Saturday, April 15, 2006

Kosher for Passover in Italy

Passover is upon us, and while most Italians are mobbing the stores to do some last-minute Easter shopping before everything closes for the "ponte" (literally, "bridge," but actually "long weekend"), I went hunting for non-bread products to keep me going for the duration of the holiday. For those not in the know, pasta is not kosher for Passover, though every year many of my non-Jewish friends try to convince me otherwise. Trust me on this one, guys. Even though it doesn't look like bread, pasta still counts.

Not being able to eat pasta in Italy presents a bit of a challenge. (I have a newfound appreciation for another of the fellows at the Academy who has a gluten intolerance.) As I wended my way through the aisles of my local grocery store, crammed with enormous overpriced hollow chocolate eggs wrapped in glistening cellophane and riots of ribbons, I tried to plan the next few days of meals. At the bread section, I paused, then went on wheeling my cart, in the odd hope of finding a box of matzah. (My copy-editor at Random House insists it's spelled matzo, but somehow the "o" spelling doesn't look right to me.)

Imagine my surprise to find a box of crackers called "Pane Azymo," imported from Strasbourg. As I looked over the ingredients, water, salt, unleavened flour, it was clear what I was holding: genuine matzah. True, if I were going strictly by the book, the Pane Azymo wouldn't count because though it had a symbol on the box indicating it was kosher, there was no mark that it was kosher for Passover, which is officially a different thing. However, I made a sign of the cross over the box, which in my book is just as good as paying off some ultra-Orthodox rabbi for the kosher-for-Passover stamp, and voila: matzah.
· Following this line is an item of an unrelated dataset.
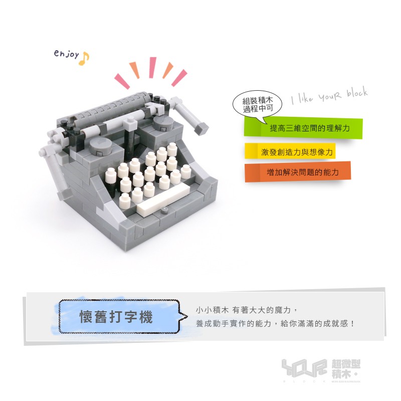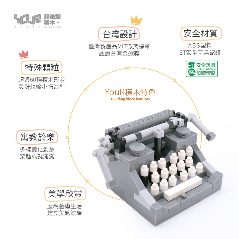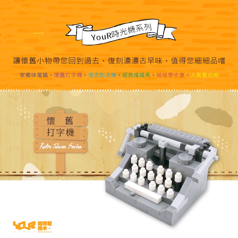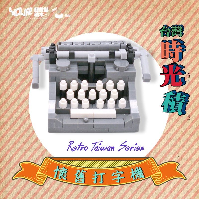 YouRblock微型積木-台灣時光積-復古打字機-懷舊經典設計-特色文創舒壓療癒-積木客制化-禮物-MIT

Some of my friends have trouble understanding my pick and choose attitude toward religion, and truly, I'm not sure I get it all either. At one of the Passover seders I went to this year, a debate erupted at the table over whether we're allowed to decide for ourselves the extent to which we keep the rituals and laws of religion. My view is that I'm not willing to run around wearing a yarmulke, only eating pre-approved foods, keeping the lights off on Shabbat (or setting them to go on and off on a timer, which always strikes me as a bit of a cheat). At the same time, I don't want to chuck all of the traditions I grew up with out the window. And so I nod to the past, rather than bow. I'm willing to give up bread, pasta, cookies, and cake for Passover, but I'm not going to chase bread crumbs with a feather and a candle.

This approach leads to some confusion, even hypocrisy it might be argued, on my part. I won't touch bread on Passover, but a slice of sandwich-less non-kosher salami doesn't bother me. "A-ha!" cry both my religious and atheist friends with satisfaction. "Your system of rules has no logic! Why bother keeping it at all?"
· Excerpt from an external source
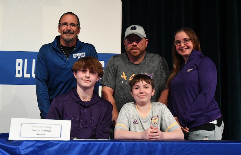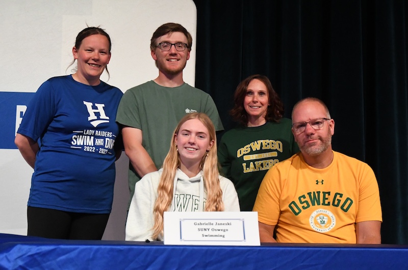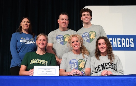 Sisters Anna and Sibby Lowe will both compete at the next level. Sibby will swim at Geneseo and Anna will swim and play lacrosse at Brockport. Gabrielle Janeski will swim at Oswego and Jordan Sheehan, who played hockey for Ithaca, since Horseheads doesn’t have a hockey team, will play hockey at Buffalo State.

Suppose it was your husband's birthday, and you didn't want to take him out to the most expensive restaurant in town and buy him a new Mercedes. Would that mean you shouldn't recognize the occasion at all? Or that it's less valid to celebrate a birthday by baking him a cake and giving him a new tie?
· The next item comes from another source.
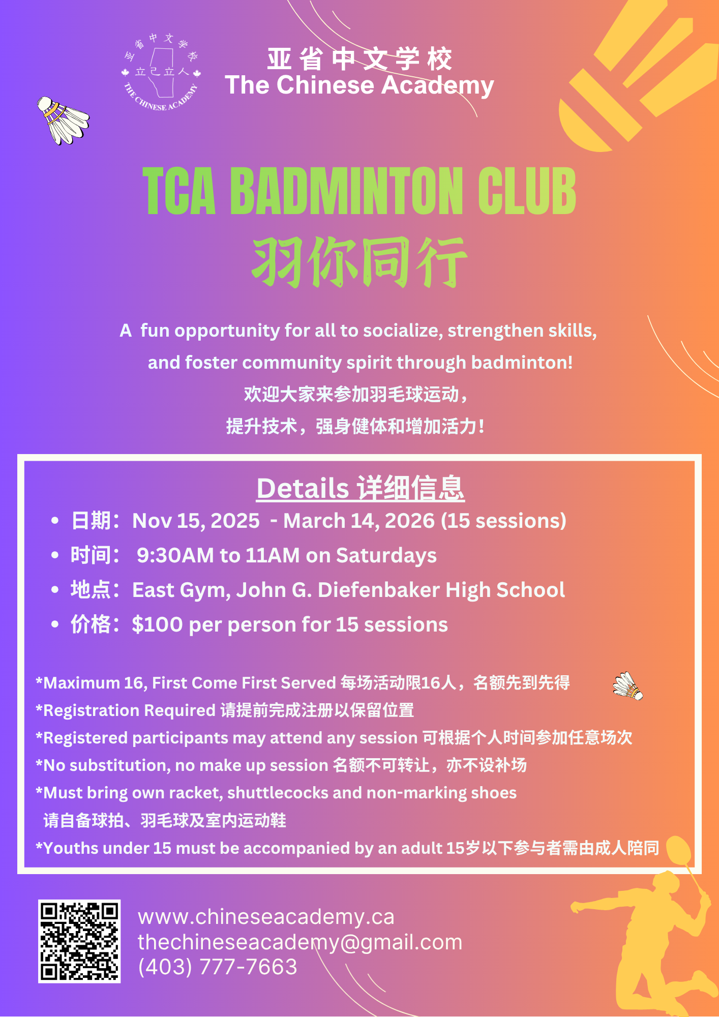 To register, please visit: https://chineseacademy.ca/product/2025-2026-badminton-club/

My version of recognizing my Jewish identity connects me with my past in a way that I find satisfying. I don't ask anyone else to do as I do or to approve. It's just that for me, I don't get much out of pondering whether a box has a K stamp or a K for P stamp or a Mickey Mouse stamp on it. There are other questions in life I want to spend my time worrying about. That's not to say that a question of stamps might not prove extremely meaningful and satisfying to someone else. But for me, I'm sticking with my "pane azymo" topped with a few slices of tomato and mozzarella. Or, if I feel like it, some non-kosher salami.